Here’s a bit of a crash course in boxes. There are two basic types of boxes, vertical and horizontal. A vertical box will stack its child elements vertically, expanding them to fill the entire width available. A horizontal box will do just the opposite. Vertical boxes will by default only use as much vertical space as necessary, but with the flex="1" attribute they can be made to fill all available vertical space, too. Horizontal boxes similarly can be made to take all available horizontal space.
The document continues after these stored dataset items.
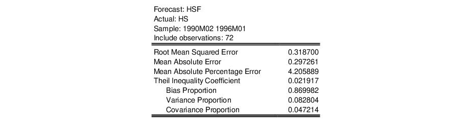 Suppose we construct a dynamic forecast for HS over the period 1990M02 to 1996M01 using our estimated housing equation. If the Forecast evaluation option is checked, and there are actual data for the forecasted variable for the forecast sample, EViews reports a table of statistical results evaluating the forecast:
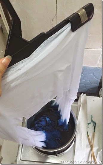 I basically held the pants hanger as levelled as I could to ensure both ends are equal, then dipped the ends into the dye, jiggled it a little to make sure the colours penetrate the fabric, brought it up and quickly dip it into the cold water. The dye works better if the water is very hot.
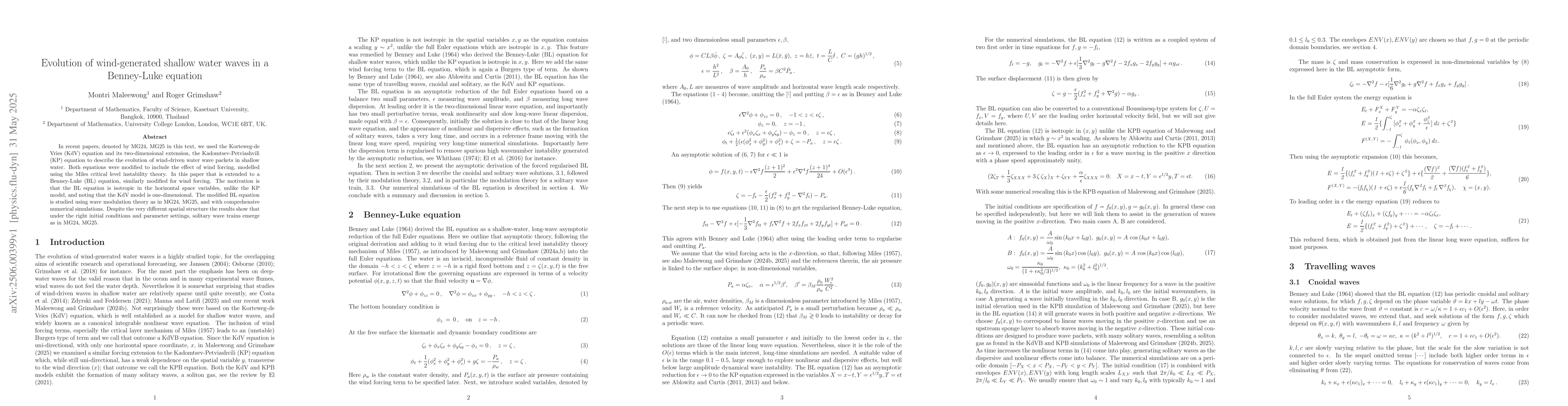 A study on wind-generated shallow water waves uses the Benney-Luke equation to describe wave packet evolution, finding solitary wave trains can emerge under specific initial conditions and parameter settings.
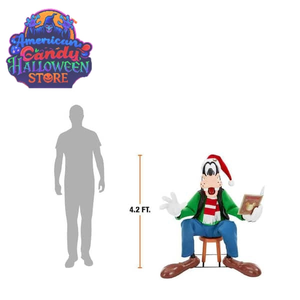 ¡Caramba! La novedad de este año en la colección navideña es el Goofy Navideño Animado de 1,22 m. Acércate y acércate mientras Goofy recita un poema de su libro y canta dos canciones navideñas diferentes. Activa su sensor de movimiento y su cabeza comenzará a moverse mientras su brazo derecho se mueve al ritmo de su alegre poema y canciones navideñas. Ataviado con ropa navideña, Goofy lleva un gorro y una bufanda navideños, además de su estilo tradicional de Goofy, perfectos para la temporada. ¡Añade un toque de magia Disney a tu hogar esta Navidad con este clásico personaje apto para interiores! ¡Combina a la perfección con sus otros amigos Disney Navideños, A-Hyuck! Solo para uso en interiores Sensor de movimiento activado Servomotores en la cabeza para un movimiento realista 2 movimientos: movimiento de cabeza y movimiento de mano derecha Habla, recita un poema y canta dos canciones diferentes Se ensambla por una sola persona en 30 minutos Incluye adaptador de corriente Temporizador: 6 horas encendido / 18 horas apagado Artículo con licencia de Disney Combina a la perfección con el Mickey Mouse navideño animado de 1,2 m y la Minnie Mouse navideña animada de 1,2 m Fácil de encontrar, tamaño A4 animado Haz clic aquí para obtener más información sobre

Throw all your old CSS techniques out the window now. What I found to be most helpful to me while laying out a XUL app was actually to turn CSS off. In contrast to the semantically pristine XHTML 1.1 we’ve all been writing lately, XUL layouts very much depend on the markup. This is both a blessing and a curse — our typical CSS kung fu doesn’t really matter but now we don’t have to worry about graceful degradation since we control the runtime used with our app.